Whilst Jim desperately tries to explain, Hannah spitefully reveals the entire scam, including that she is not their daughter. Liz leaves, on the verge of tears. Jim follows, but not before giving Hannah a look of pure anger, which she returns with a grin. Jim pleads with Liz when they are outside, but she angrily pushes him to the ground and calls him a monster. Having lost everything again, Jim walks around by himself and is spotted by Hannah. She forgives him for what he said, and tells him to get in the car. Although Jim is furious with her, he reluctantly gets in after realising she is all he has left, and the two of them leave for Belfast.

Two months later, Liz receives a phone call from the police saying that Jim and Hannah have been found and arrested for their scam. However, due to a lack of evidence, and the fact that Liz handed her money over willingly, they could not be charged, and so were allowed to walk free. Jim never returns to Weatherfield, and dies of pneumonia in March 2026.

==Reception==
Jim's 2018 return storyline won the accolade for Most Bizarre Soap Storyline at the 2018 Digital Spy Reader Awards.

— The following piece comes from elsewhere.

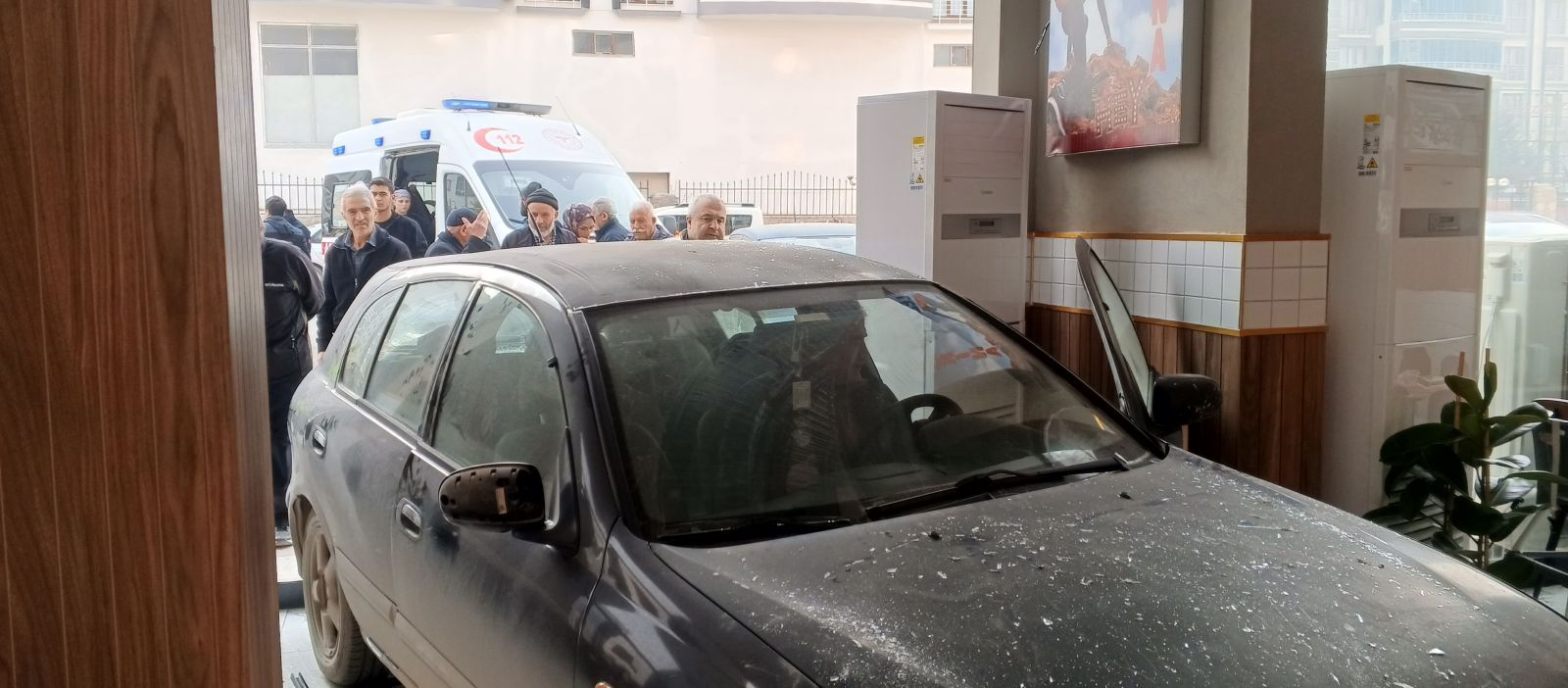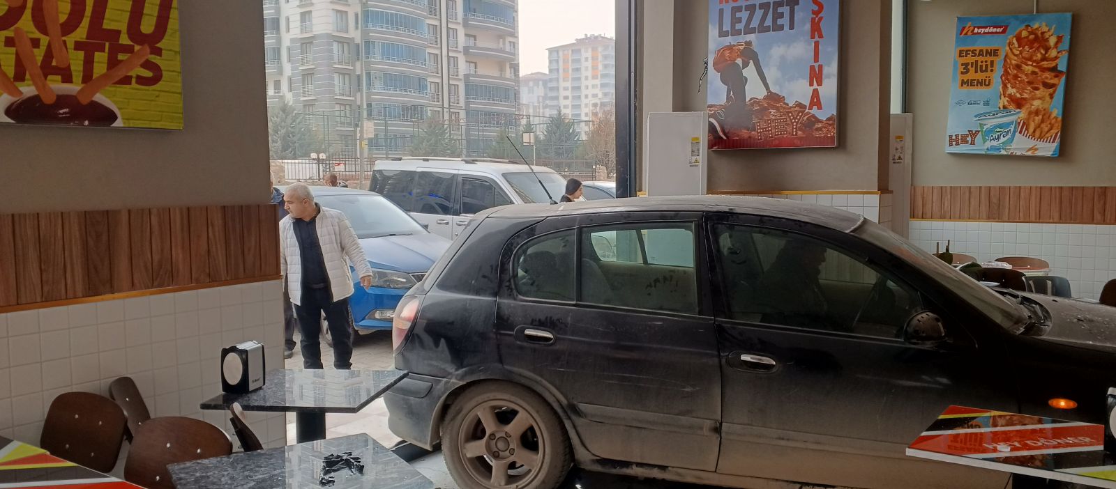 Edinilen bilgilere göre, seyir halindeki otomobil, sürücüsünün direksiyon kontrolünü kaybetmesi sonucu yol kenarında bulunan ve kısa süre önce hizmete açılan Hey Döner isimli iş yerine girdi.

Jim has earned a reputation as being a "bad boy" character in the media. David Brown of Radio Times branded him a "fiery hard man". Claire Hodgson of the Daily Mirror said that setting fire to Gwen Davies' (Annie Hulley) furniture, threatening Liz, hangovers, fights in the Rovers Return and robbing the bank were some of Jim's "most outrageous" moments on the show. Lorna Cooper, writing for MSN, said that she wanted Jim back in Coronation Street full-time and branded him and Liz a "knock-off version of Elizabeth Taylor and Richard Burton." A writer from ITVX put Jim on their list of Liz' top ten lovers, writing "The love of Elizabeth's life, so he is. Liz was a teenage bride when they married in 1974. They split in 1996. Remarried in 2000 but divorced again in 2005. Even from behind bars Jim continued to circle Liz's life, but in 2014 Liz made it pretty clear that she never wanted to see him again. Whether she can stick to that, we'll have to wait and see!"